Got $1,000? Buy These 3 Under-$20 Growth Stocks to Earn Higher Returns

These under-$20 growth stocks can deliver solid returns in the long run.

| More on:

Growth stocks have witnessed a substantial selloff over the last few months. The Federal Reserve of the United States has hiked interest rates multiple times this year and expects to raise them further amid concerns over high inflation. The increase in interest rates has raised borrowing costs, thus contracting the margins of growth stocks, which require substantial capital to fund their growth initiatives. So, these concerns have led to a sharp correction in growth stocks.

However, the steep pullback has offered an excellent entry point for long-term investors. If you are ready to invest, here are three top growth stocks you can buy for under $20.

BlackBerry

Yesterday, BlackBerry (TSX:BB)(NYSE:BB) reported better-than-expected first-quarter earnings. Its revenue came in at US$168 million, beating analysts’ expectations by US$8 million. The strong performance from its IoT segment drove its top line. Year over year, its revenue from the IoT segment increased by 18.6%, while its revenue from the cybersecurity segment grew by 5.6%. Meanwhile, its adjusted net losses came in at $0.05/share, which is in line with expectations.

The rising demand for advanced driver-assistance systems and digital cockpits has increased the demand for BlackBerry’s products and services. The company’s QNX platform now runs in more than 215 million vehicles compared to 195 million in the previous year. The company’s IVY platform could be a substantial growth driver in the coming quarters, as it has received proof-of-concept trials from several OEMs. Notably, the rising demand for cybersecurity solutions could also benefit the company.

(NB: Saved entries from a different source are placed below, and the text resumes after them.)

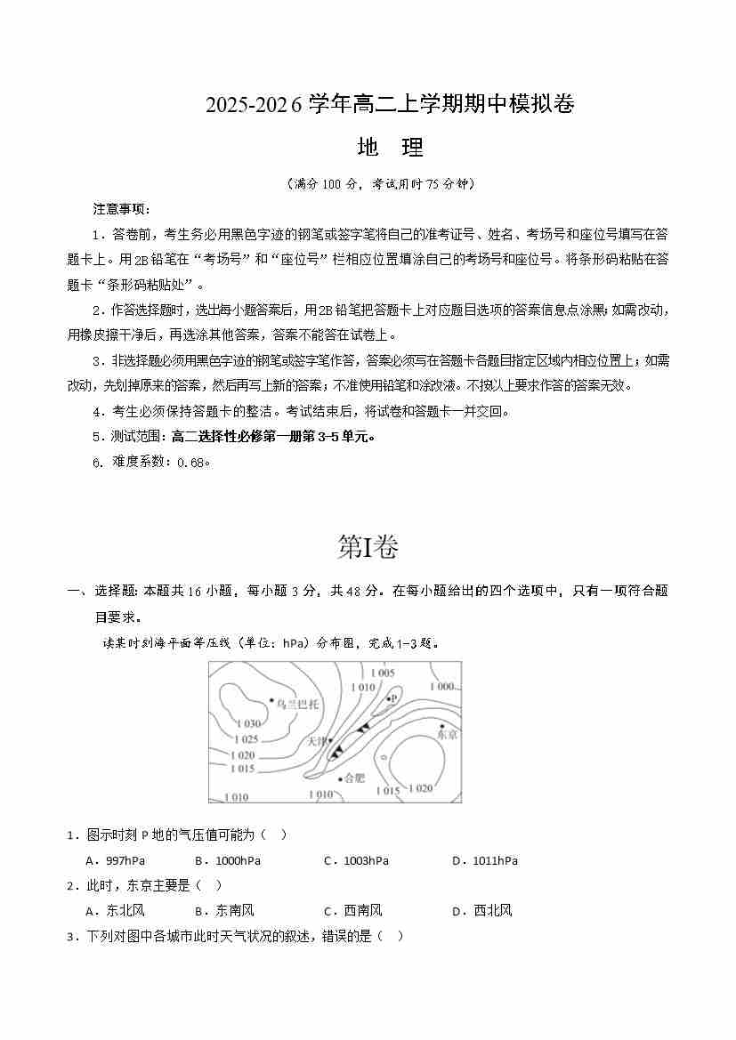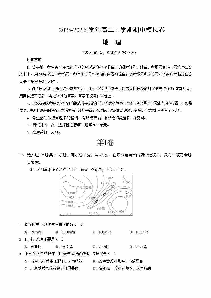 高二地理上学期(人教版选必1,3-5单元)期中模拟卷A(人教版2019)(考试版A4)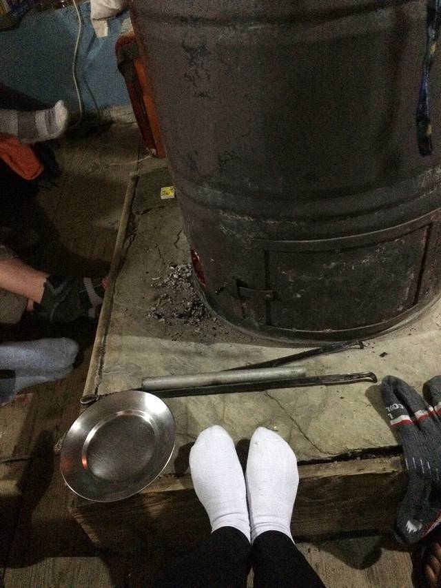 先说环境吧。超级无敌棒,如下图,有三个旅馆,旅馆四周,是四周哦,环绕着大大冰激凌,所以我们真的是在雪山的怀抱里入眠的,幸福大爆棚呀!!!!再来说说设施吧:①有wifi,但是你必须在太阳落山前到,,用的是太阳能。一路各种拍照的我们赶上了日落,所以wifi肯定是没有用上啦。②木有地方充电,除非你在太阳落山之前到。③可以跟老板买热水洗热水澡,一桶200尼,超级无敌热,这时候带的折叠脸盆就派上大大的用场啦。把热水分好几次到到自己带的脸盆里,洗了头发洗了澡,对处女座来说那开森无法言语。但是这是不良示范哦,shiba非常怕我高原反应,阻止了好多回。我洗完虽然没觉得不舒服,但是还是吃了片感冒药下去,以防万一。④电话没信号,但是老板的电话可以打,由于当晚我拨了几十次都拨不出去,放弃,所以也就忘记价格了。⑤最大,最大的幸福就是。有暖炉!!!!!!暖炉需要大家同意每人交钱才会给用,每人150尼。放一个类似于煤气灶一样的东西在桌子底下。大家围坐在桌子旁,气氛无敌好。let us party~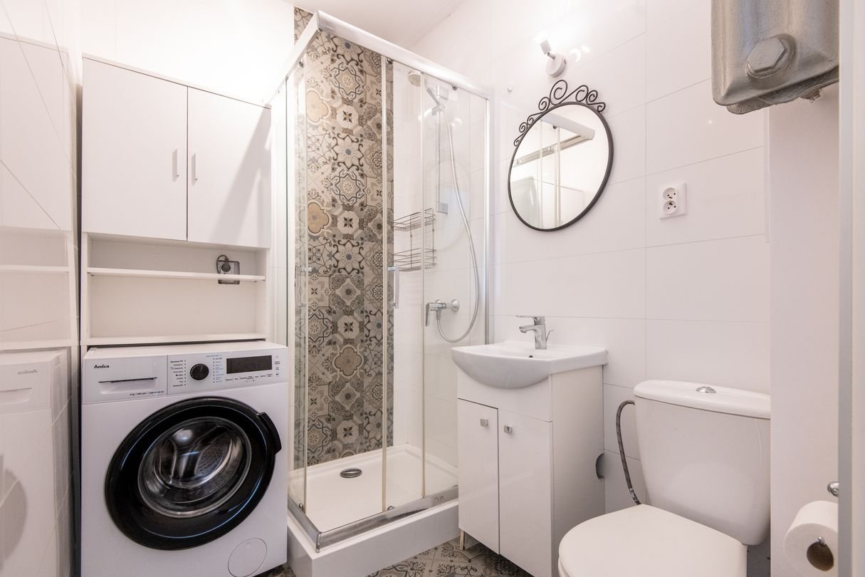 Łazienka: kabina prysznicowa, pralka.

Despite its healthy growth potential, BlackBerry is trading at over 50% lower than its 52-week high, thus providing an excellent buying opportunity for long-term investors.

WELL Health Technologies

Given the convenience and cost effectiveness, more people are opting for telehealthcare services. So, I have picked WELL Health Technologies (TSX:WELL), a digital healthcare company, as my second pick. It facilitates healthcare practitioners to provide omnichannel services to patients. In May, the company’s revenue from omnichannel patient visits grew by 40% compared to the previous year.

The company is expanding its presence in the United States by acquiring Circle Medical and Wisp. These companies have crossed $110 million in the annualized revenue in May, with a positive adjusted EBITDA. The company has signed an agreement to acquire INLIV, which could expand its omnichannel network into Alberta. Also, its initiatives to optimize operating expenses and enhance synergies could boost its cash flows in the coming quarters.

Meanwhile, amid the selloff in tech stocks, WELL Health is trading at over a 60% discount from its 52-week high. Given its healthy growth potential, I believe investors should utilize the correction to accumulate the stock.

Savaria

Savaria (TSX:SIS) provides accessibility solutions across 40 countries. Amid the aging population and growing income levels, the demand for accessibility solutions is rising, benefiting the company. Meanwhile, in January, the company acquired Ultron, a technology manufacturer with advanced integrated circuits design and software development expertise. With this acquisition, the company can produce electronic equipment used in its products.

Savaria is also working on building a sub-assembly facility in Querétaro, Mexico, which could strengthen its production capabilities close to major markets. Its innovative product offerings and widespread manufacturing networks could boost its financials in the coming quarters.

Meanwhile, Savaria trades around 40% lower than its 52-week high amid the weakness in the broader equity markets. The steep correction has dragged its NTM price-to-earnings multiple to 17.8, making it an attractive buy.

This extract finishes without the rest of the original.